You were part of the original discussion -- I remember your name. In that discussion, the general consensus was decreasing it to 3% free space on larger disks was probably fine. I was giving one specific (i.e. context provided) example, yet you go off like I was saying "always do XXYZ".... ?!?!!? did you not read the whole note before thinking of your counterpoints?
I can think of specifics:
* a file system devotes to things that don't change (except for updates) such a the hierarchies /usr/lib, /usr/share/man, /usr/share/icons and many others, so there is no churn and in the limiting case these might be treated as 'read only' file systems. Certainly in a shared environment such as thin workstations that PXE boot[1] or have only a minimal local file system (such as /etc) and NFS mount everything else, administration would have it that everything except the home directory/roving-share
---- How is that a file system that has been up to 90% full and back down again?

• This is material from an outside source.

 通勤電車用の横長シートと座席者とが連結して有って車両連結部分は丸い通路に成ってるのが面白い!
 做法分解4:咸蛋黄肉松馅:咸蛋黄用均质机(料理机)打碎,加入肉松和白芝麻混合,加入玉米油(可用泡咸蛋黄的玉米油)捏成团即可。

* a file system that contains structured data, such as database files, which are very large and whose internals change but whose size does not, so the issue of free space and allocation and the 'churn' of the free list does not matter. (Some FS based databases on RAID systems used by OLTP applications can be affected by the 'small write' problem.)
---- Not my scenario.
* a file system that has a very high 'churn' such as one supporting a development project - editing of source, rcs/subversion, compiling and testing. (Which may also run into the 'small write' problem with some RAID set-ups.)
---- Much closer.
In a high churn situation such as the 3rd case or users home directories, files being created, edit and deleted at a fair clip, then the space allocation is going to try to 'optimise' for something. Some cases might want a complete rewrite of the files (think: using VI) so having ample free space so the file partitions can be 'grouped' is going to improve the performance of not only allocator[2] but also of the file access.

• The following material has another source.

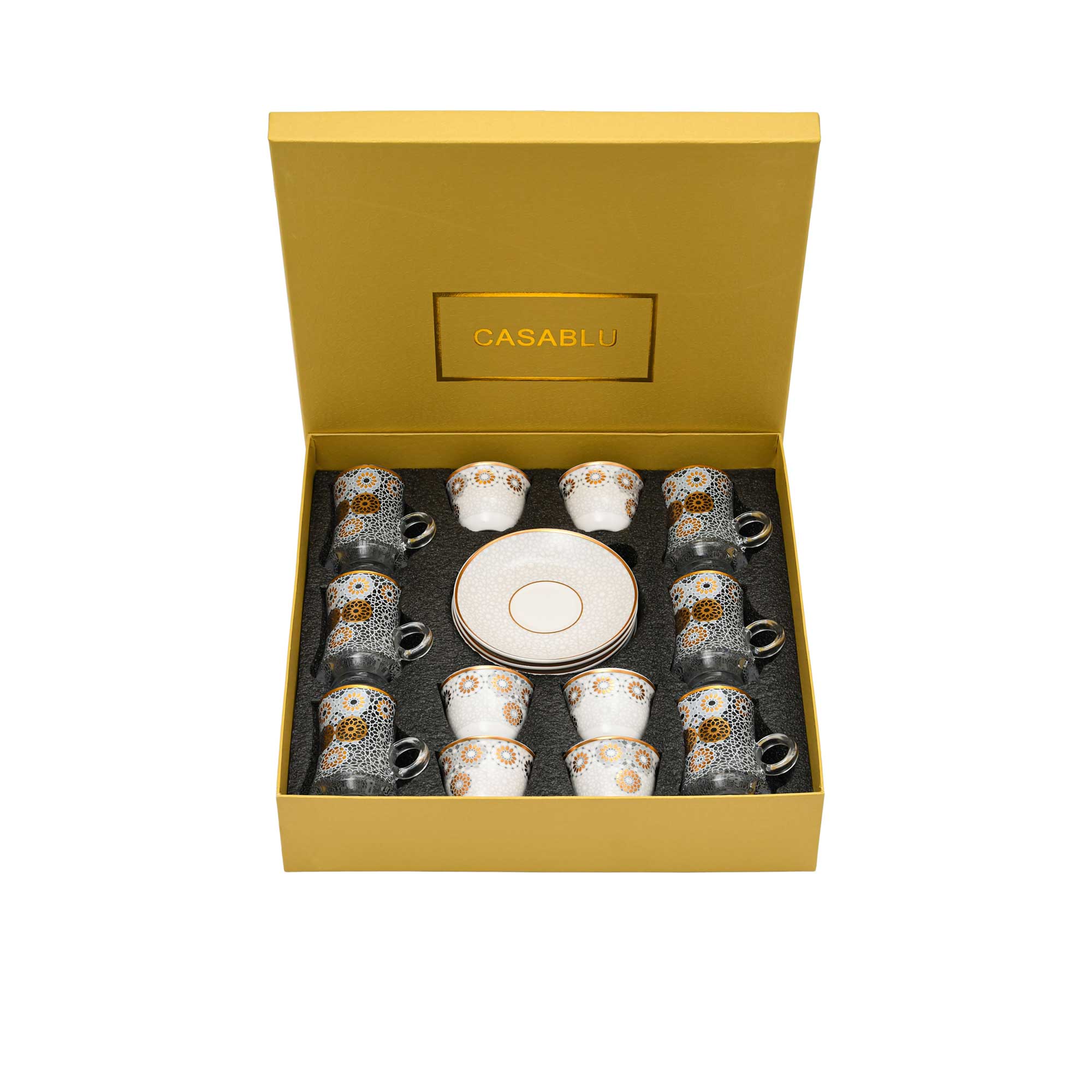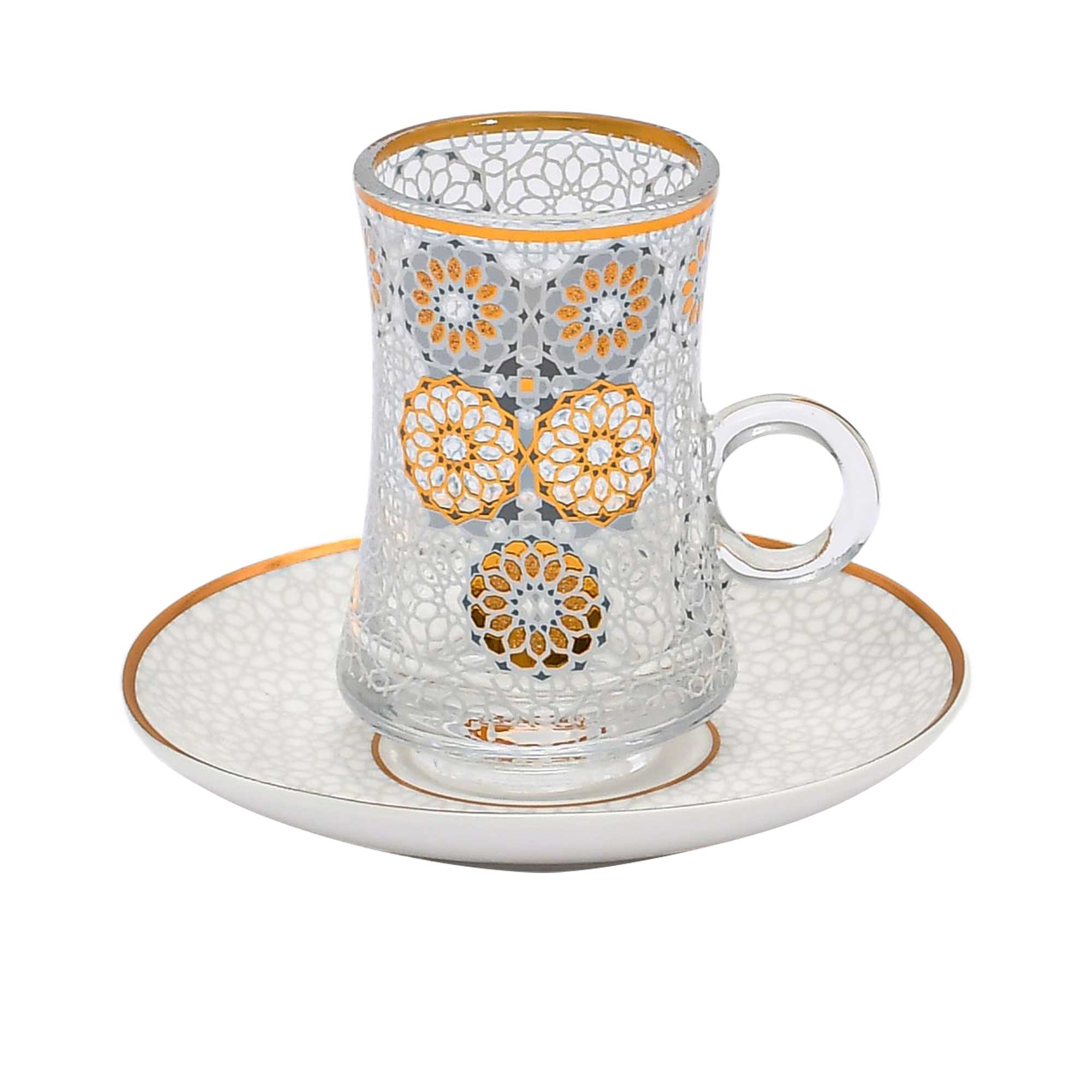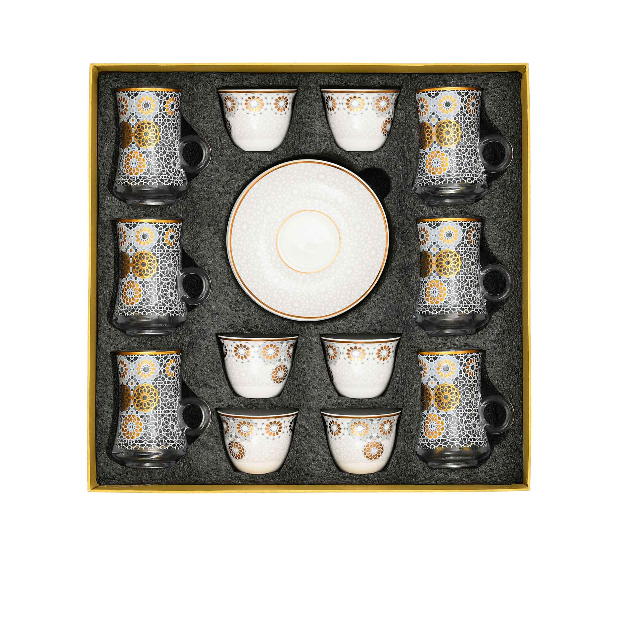 Casa Blu Geometric Tea & Qahwa Cup Set (18pc) - Gold Accents

Right, and it sounded like a home user was asking this question. earlier, no? That's not the advice he went off with.
Of course that makes little sense with small files such as the config files that litter /etc - under 4K or whatever your allocator blocks size is set to. Or, right, some B-tree FSs can pack small files into 'tails' of other files.
AFAIK, only ReiserFS has that, and development on that FS doesn't seem to be progressing. EXT4 just added packing content into inodes as XFS has had for 20 years...(first white paper I read about it's design in replacing the EFS file system talked about the decisions that were made -- and the features included and was dated in 1993.
Now, given all that, there is a big rider. Some disk managers such as LVM mean that while a file system is optimized, the blocks that make up the partition (Logical Volume in LVM parlance) may be subject to a scatter-gather. HO HO HO!
---- ?!? I'm pretty sure you are being vague and confusing. If you have your disks allocated to be contiguous and aren't trying to use any 'thin provisioning', which AFAIK, Suse doesn't support anyway, the File system itself isn't moved around on disk. But how does that tie into file system optimization -- and what do you mean by that? I don't know of many file systems that support free space defragmenting. Until the past few year XFS was the only one that supported any type of defragmenting util at all (other than windows)... but it doesn't handle defragging free space.
That's because my max rate in read/write is 1TB/s, so even the smallest delays will create a much more noticeable hit in performance than they would out of 1 disk -- i.e. the computer can do many computations while the I/O controller is doing a 64K read/write on 1 disk, but the time it has to do calculations on a 12 spindle raid is a decimal order of magnitude less. So the cpu needs to search through 12X the data in 1/10th the time to maintain max I/O rates. The block allocator starts having problems finding large contiguous free spaces on file systems over 75% full, if (like me) you've gone up into the low 90's% usage, and back down. Once you've done that, you've got files spread throughout the free area. (I could rebuild the fs from scratch and that would give some more speed, until I let it get too full again).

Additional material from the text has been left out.